===== Records provided =====

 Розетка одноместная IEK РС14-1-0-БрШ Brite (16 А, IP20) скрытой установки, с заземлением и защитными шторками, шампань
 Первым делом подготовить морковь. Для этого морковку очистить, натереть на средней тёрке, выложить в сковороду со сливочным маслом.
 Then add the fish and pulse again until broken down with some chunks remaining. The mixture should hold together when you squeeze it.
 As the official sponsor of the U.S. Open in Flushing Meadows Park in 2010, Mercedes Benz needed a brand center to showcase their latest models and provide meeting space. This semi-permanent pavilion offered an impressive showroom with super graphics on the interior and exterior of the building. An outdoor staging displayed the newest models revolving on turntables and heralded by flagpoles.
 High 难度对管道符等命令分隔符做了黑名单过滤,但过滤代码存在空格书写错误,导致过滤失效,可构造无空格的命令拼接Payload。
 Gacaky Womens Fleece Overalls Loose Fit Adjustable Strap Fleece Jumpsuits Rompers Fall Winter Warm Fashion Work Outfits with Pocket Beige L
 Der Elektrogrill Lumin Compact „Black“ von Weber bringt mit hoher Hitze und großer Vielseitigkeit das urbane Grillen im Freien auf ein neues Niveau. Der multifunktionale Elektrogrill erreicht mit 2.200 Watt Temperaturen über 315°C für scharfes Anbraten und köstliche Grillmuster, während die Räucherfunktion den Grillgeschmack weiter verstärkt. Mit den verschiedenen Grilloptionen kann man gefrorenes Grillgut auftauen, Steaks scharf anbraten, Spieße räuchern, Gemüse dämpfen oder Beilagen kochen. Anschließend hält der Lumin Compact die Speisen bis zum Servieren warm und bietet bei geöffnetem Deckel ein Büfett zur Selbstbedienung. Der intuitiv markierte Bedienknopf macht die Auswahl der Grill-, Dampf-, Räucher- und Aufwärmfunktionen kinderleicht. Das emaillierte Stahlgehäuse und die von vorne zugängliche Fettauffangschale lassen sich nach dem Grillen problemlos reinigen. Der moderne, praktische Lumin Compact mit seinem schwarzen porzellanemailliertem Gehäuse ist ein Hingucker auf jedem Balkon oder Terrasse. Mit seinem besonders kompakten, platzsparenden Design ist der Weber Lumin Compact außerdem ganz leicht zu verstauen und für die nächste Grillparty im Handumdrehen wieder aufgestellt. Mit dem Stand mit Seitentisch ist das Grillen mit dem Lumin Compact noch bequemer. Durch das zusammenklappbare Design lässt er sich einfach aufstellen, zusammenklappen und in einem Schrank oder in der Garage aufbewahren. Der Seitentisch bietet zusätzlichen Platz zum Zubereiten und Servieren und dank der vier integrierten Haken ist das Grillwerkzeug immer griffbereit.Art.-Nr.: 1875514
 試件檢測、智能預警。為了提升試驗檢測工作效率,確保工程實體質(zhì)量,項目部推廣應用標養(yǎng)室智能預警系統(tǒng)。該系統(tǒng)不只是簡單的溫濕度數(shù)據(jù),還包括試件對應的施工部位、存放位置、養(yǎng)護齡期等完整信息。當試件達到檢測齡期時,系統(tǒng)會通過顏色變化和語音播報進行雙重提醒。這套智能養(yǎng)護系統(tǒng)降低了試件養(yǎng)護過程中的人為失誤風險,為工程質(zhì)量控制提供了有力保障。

=====
===== Records provided =====

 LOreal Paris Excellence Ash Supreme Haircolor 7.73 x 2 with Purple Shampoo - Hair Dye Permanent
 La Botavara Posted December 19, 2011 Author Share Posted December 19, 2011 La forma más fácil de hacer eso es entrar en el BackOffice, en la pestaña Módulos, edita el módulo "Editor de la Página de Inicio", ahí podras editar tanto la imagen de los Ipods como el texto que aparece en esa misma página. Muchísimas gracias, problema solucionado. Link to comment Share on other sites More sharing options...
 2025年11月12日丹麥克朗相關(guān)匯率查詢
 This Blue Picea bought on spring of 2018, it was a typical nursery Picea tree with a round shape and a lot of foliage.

=====
===== Records provided =====

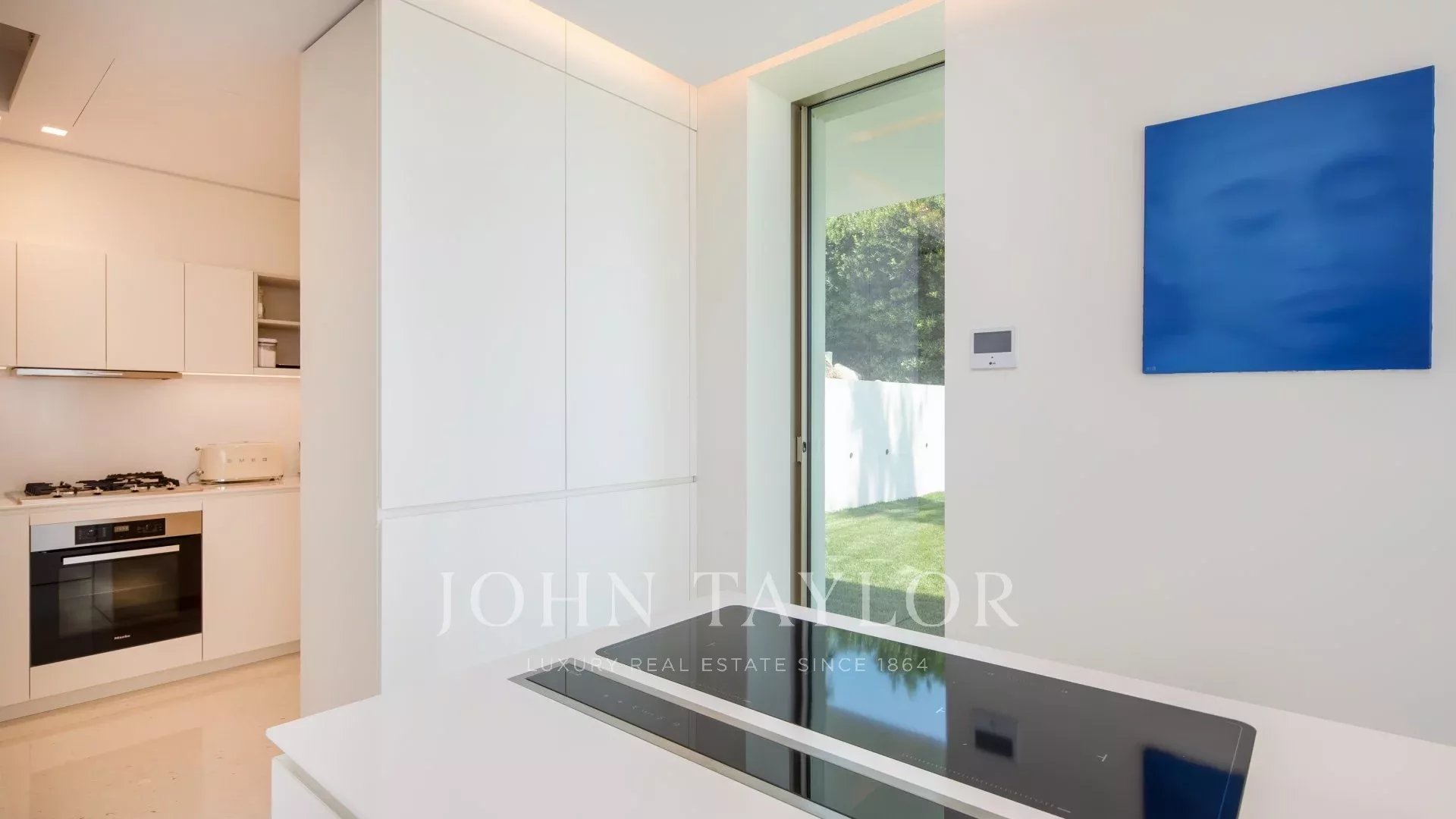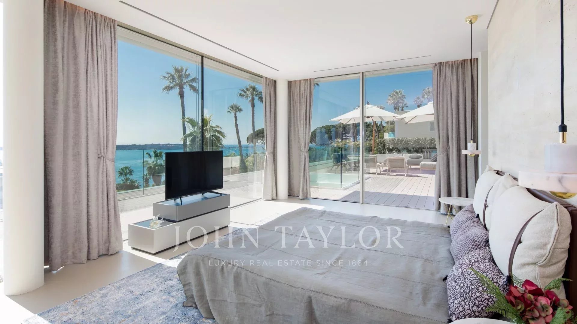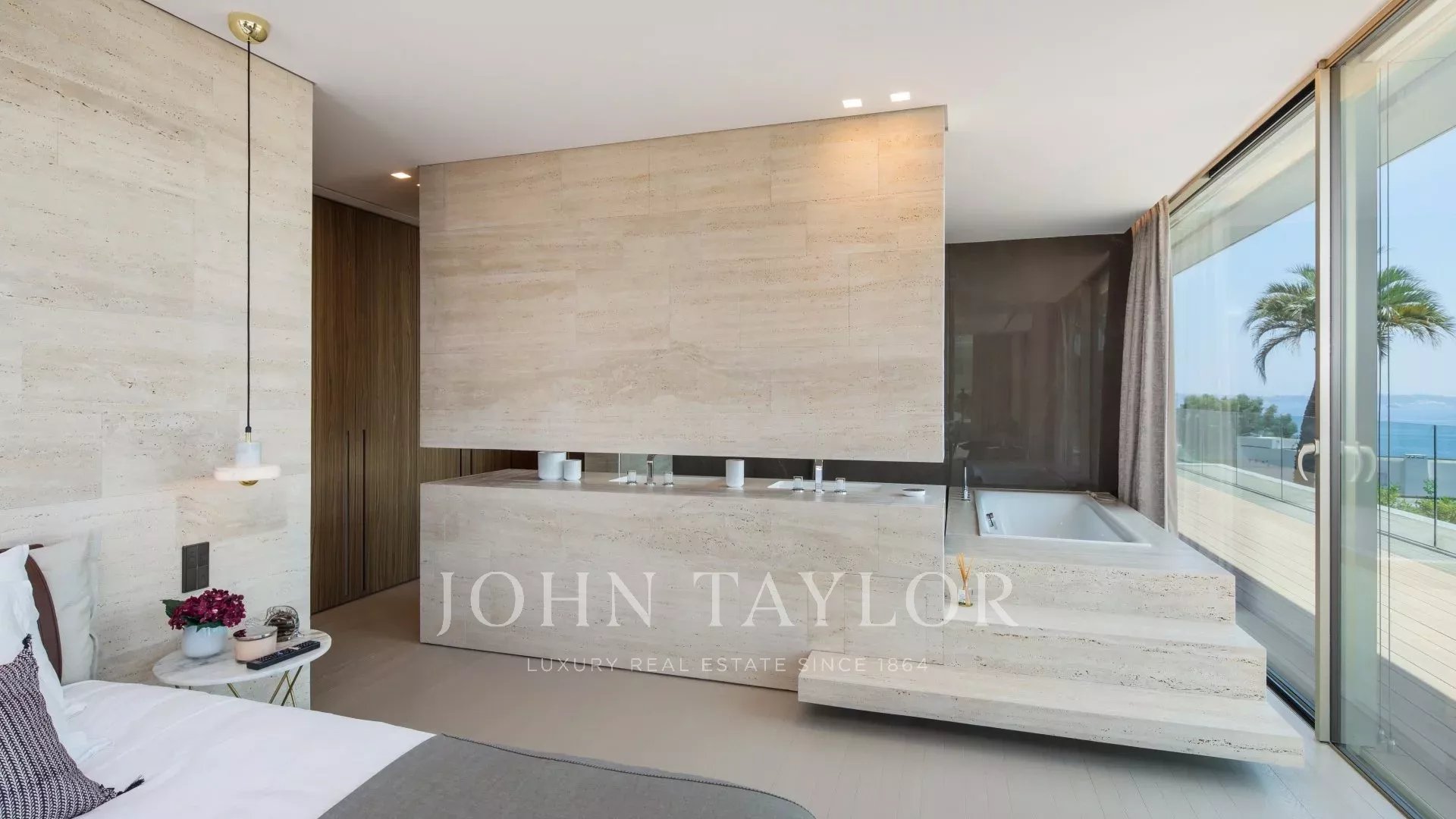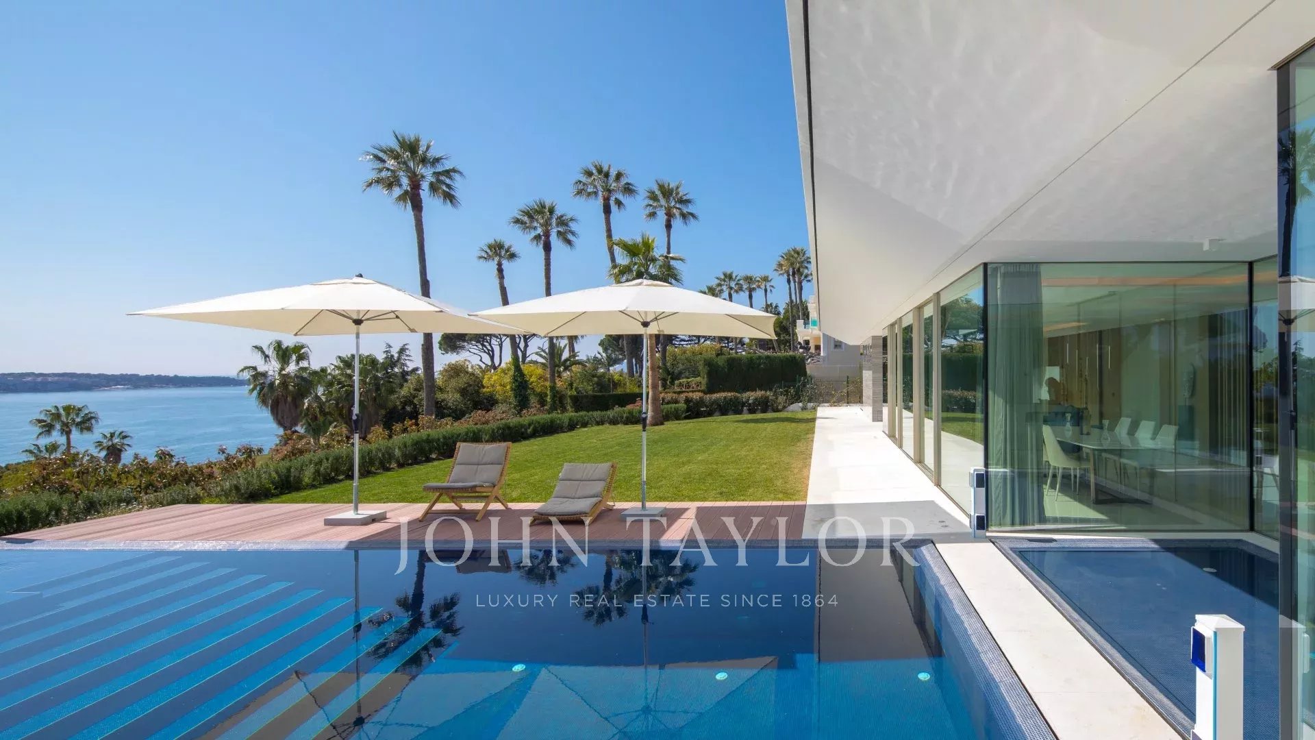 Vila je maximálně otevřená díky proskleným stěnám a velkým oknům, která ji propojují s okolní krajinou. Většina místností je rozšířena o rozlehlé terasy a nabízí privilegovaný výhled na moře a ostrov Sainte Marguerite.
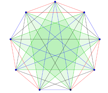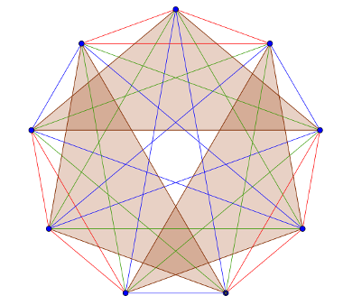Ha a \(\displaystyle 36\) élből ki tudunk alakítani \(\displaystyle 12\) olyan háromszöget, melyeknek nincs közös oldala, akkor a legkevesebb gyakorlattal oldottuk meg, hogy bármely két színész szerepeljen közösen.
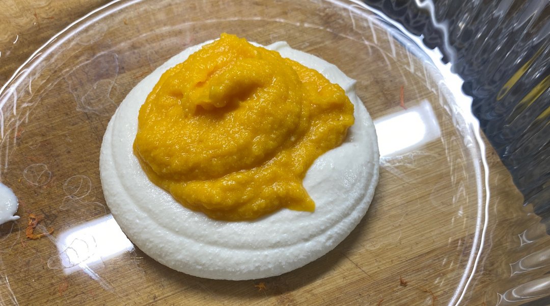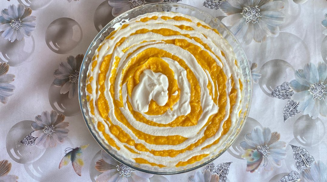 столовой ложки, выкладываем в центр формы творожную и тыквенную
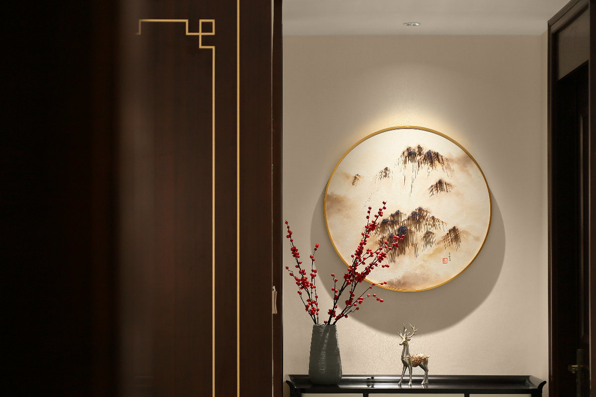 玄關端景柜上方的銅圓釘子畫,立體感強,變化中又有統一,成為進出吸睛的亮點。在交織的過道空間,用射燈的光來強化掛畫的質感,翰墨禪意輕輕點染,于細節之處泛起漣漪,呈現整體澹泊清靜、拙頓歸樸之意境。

=====

Extract the part of the records that opens with the line containing "столовой ложки, выкладываем" and closes with the line containing "玄關端景柜上方的銅圓釘子畫,立體感強,變". Take only those lines, exactly, and no pictures.

 столовой ложки, выкладываем в центр формы творожную и тыквенную
 玄關端景柜上方的銅圓釘子畫,立體感強,變化中又有統一,成為進出吸睛的亮點。在交織的過道空間,用射燈的光來強化掛畫的質感,翰墨禪意輕輕點染,于細節之處泛起漣漪,呈現整體澹泊清靜、拙頓歸樸之意境。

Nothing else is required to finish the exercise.